An hour later during my flight, I came to the last page of the novel I had been reading all week, Deep River by Shusaku Endo. The main character, a Japanese woman visiting India, is waiting to board her flight home and going through a crisis of faith. Out of the crowd emerge two Missionaries of Charity to carry off a dying person in the street—now they walked into my novel! I proceeded to fling my book against the passenger window—give the shock its due—then resumed reading. The character interrupts them and asks why they are helping that person: “The nun opened her blue eyes wide and stared at Mitsuko. ‘Why are you doing this?’ Her eyes still brimming with surprise, the nun slowly answered. ‘Because, except for this… there is nothing in this world we can believe in.’”

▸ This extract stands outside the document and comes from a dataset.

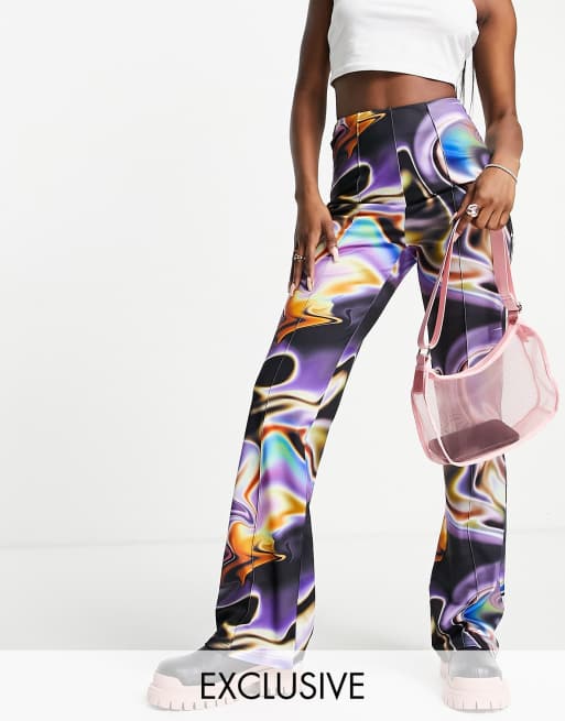 COLLUSION - Bukser med svaj og multifarvet hvirvelprint i satin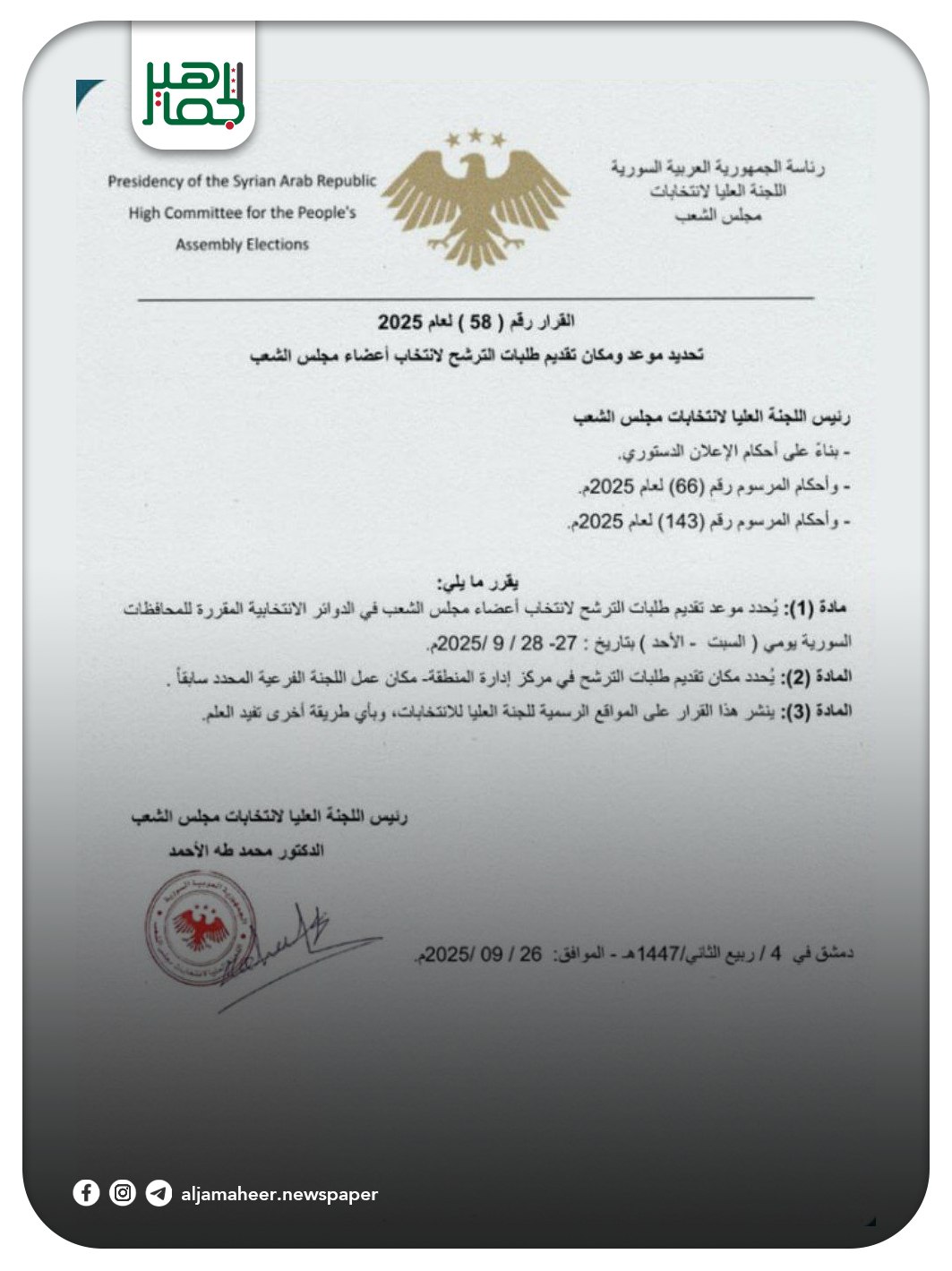 اللجنة العليا لانتخابات مجلس الشعب تحدد يومي 27 و 28 من أيلول الحالي موعداً لتقديم طلبات الترشح للانتخابات، في حين يحدد مركز إدارة المنطقة أو مكان عمل اللجنة الفرعية حيث يمكن تقديم طلبات الترشح. محليات On سبتمبر 27, 2025 Share #صحيفة_الجماهير Share FacebookTwitterGoogle+ReddItWhatsAppPinterestالبريد الإلكتروني

We cannot solve all the evils of the world. We cannot even hold ourselves together in the daily demands of life without the grace of God. We are called to show love to the people three feet in front of us. Love of neighbor is not one of many options in living the Christian life; rather, “there is nothing else in this world.” Nor is it a unique charism reserved for the Missionaries of Charity—though they do it with a unique sort of flair, let us say. They remind us that there is no other way to live. We have only to begin right where we are: “Stay where you are. Find your own Calcutta. Find the sick, the suffering, and the lonely right there where you are—in your own homes and in your own families, in your workplaces and in your schools. You can find Calcutta all over the world, if you have the eyes to see.”

Whoever we are, wherever we are, we too must write our own stories. Rather, we must hand over the pencil to God and agree to play the main character from now on, not the author. He does not promise it will be easy, but it will be a good story. We will be happy, journeying together. And we will arrive at home, having tasted the goodness of the Lord all our lives long.